The project will bring transformative change to how uncertainties are managed when making allocation and dispatch decisions of mobile power resources (pre-positioning, routing, and scheduling) before and during disasters. This will be achieved by accounting for uncertainties that cannot be resolved simply with the passage of time, but whose resolution depends on whether or not the decision to deploy these flexible resources is actually made, i.e., decision-dependent uncertainty.
The intellectual merits of the project include devising new mathematical optimization models and expedient methods to solve the proposed problems promoting mobility-as-a-service for resilience in power grids. The broader impacts of the project include organizing an interdisciplinary seminar series on Advanced Stochastic Programming for Power Systems, undergraduate student involvement in the project research, dissemination of the project findings through publications, and research showcase to K-12 students in the Washington metropolitan area.
Going beyond the traditional service restoration problems with exogenous uncertainties, this project disrupts the current practice by developing new risk-neutral and risk-averse stochastic optimization problems and reformulations for service restoration that incorporate decision-dependent uncertainty (DDU). Due to the difficulty to solve such models—that typically take the form of stochastic mixed-integer nonlinear (polynomial) programming (MINLP) problems, the proposed research also focuses on the development of computationally efficient methods to solve DDU-embedded optimization models on mobility-as-a-service for resilience.

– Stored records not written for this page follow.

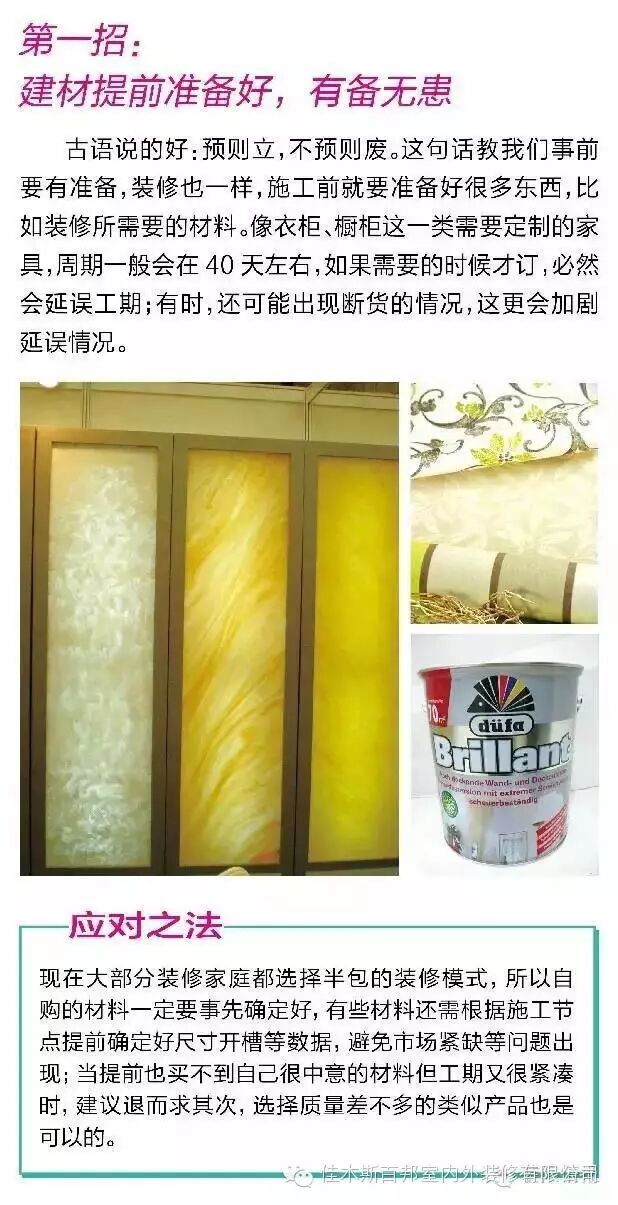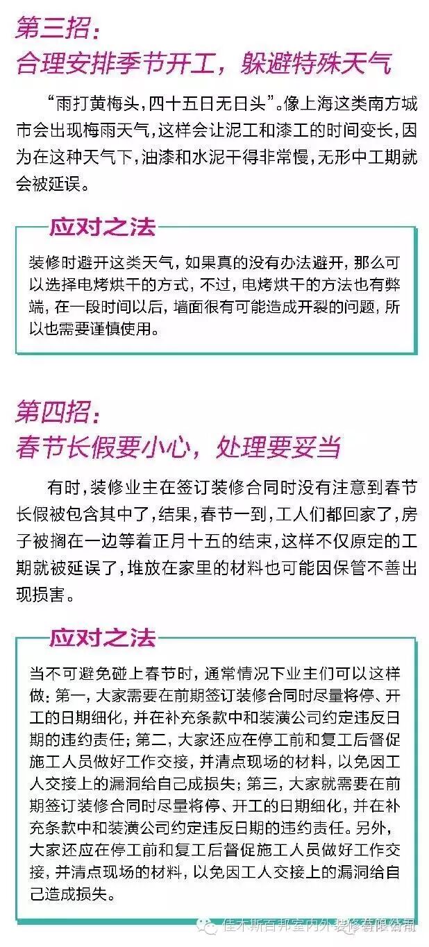 虽说装修的施工质量和预算超支是大家普遍关心的问题,然而工期拖延的情况有时也让人心塞,特别是那些掐着时间点装修婚房的、房租到期急着搬家的家庭,遇到工期被拖延就更容易忙中添乱了。为了避免这一恼人的问题,百邦特意收集了一些资料供大家参考,希望能把这类问题从源头上清除。
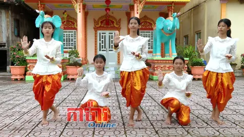 ប្អូនៗសិស្សសាលាចូលរួមតុបតែងដង្វាយសម្រាប់ថ្វាយព្រះខែ និងបង្ហាញពីស្នសដៃដ៏ប៉ិនប្រសព្វរបស់ខ្លួន។
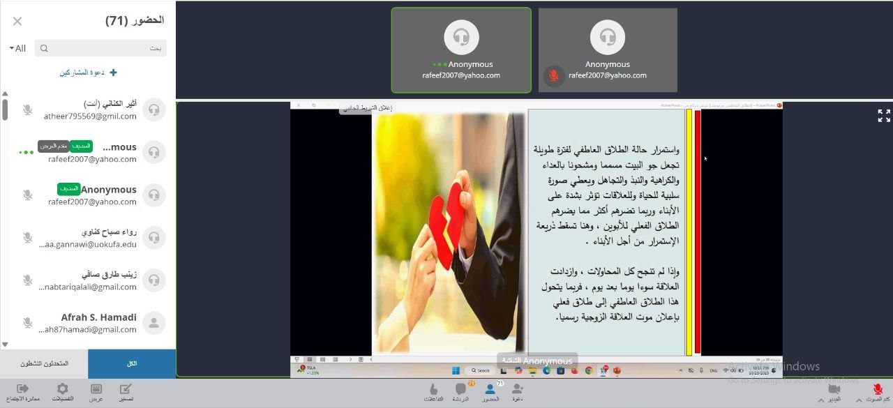 نظم مركز التعليم المستمر في جامعة البصرة بالتعاون مع كلية التمريض ندوة إلكترونية بعنوان "الطلاق الخطوة الأولى لهدم الأسرة".
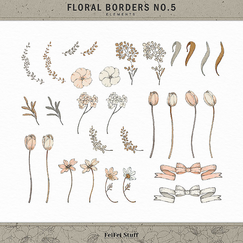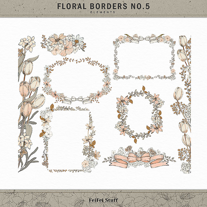 Delicate and whimsical floral borders to complete any scrapbook layout.
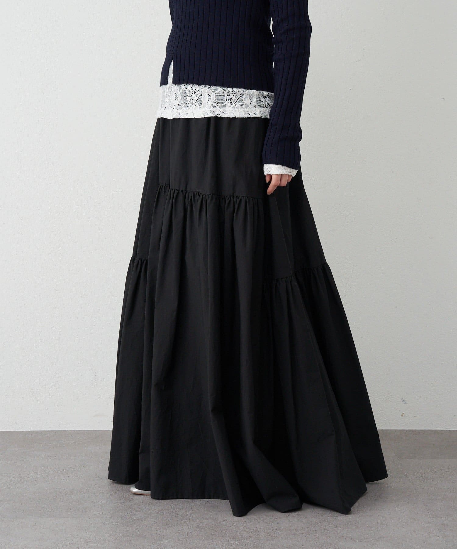 ハリ感のあるタフタ生地を使用したロングスカート。

The proposed models will account for the coordination of mobile power sources with a variety of heterogeneous flexible resources in power distribution grids, network reconfiguration practices, repair crews, and transportation system constraints and schedules. The completion of this plan requires an interdisciplinary approach combining key methodologies from the mathematical programming and power systems engineering disciplines, thereby enabling convergence of multiple research areas.
This award reflects NSF's statutory mission and has been deemed worthy of support through evaluation using the Foundation's intellectual merit and broader impacts review criteria.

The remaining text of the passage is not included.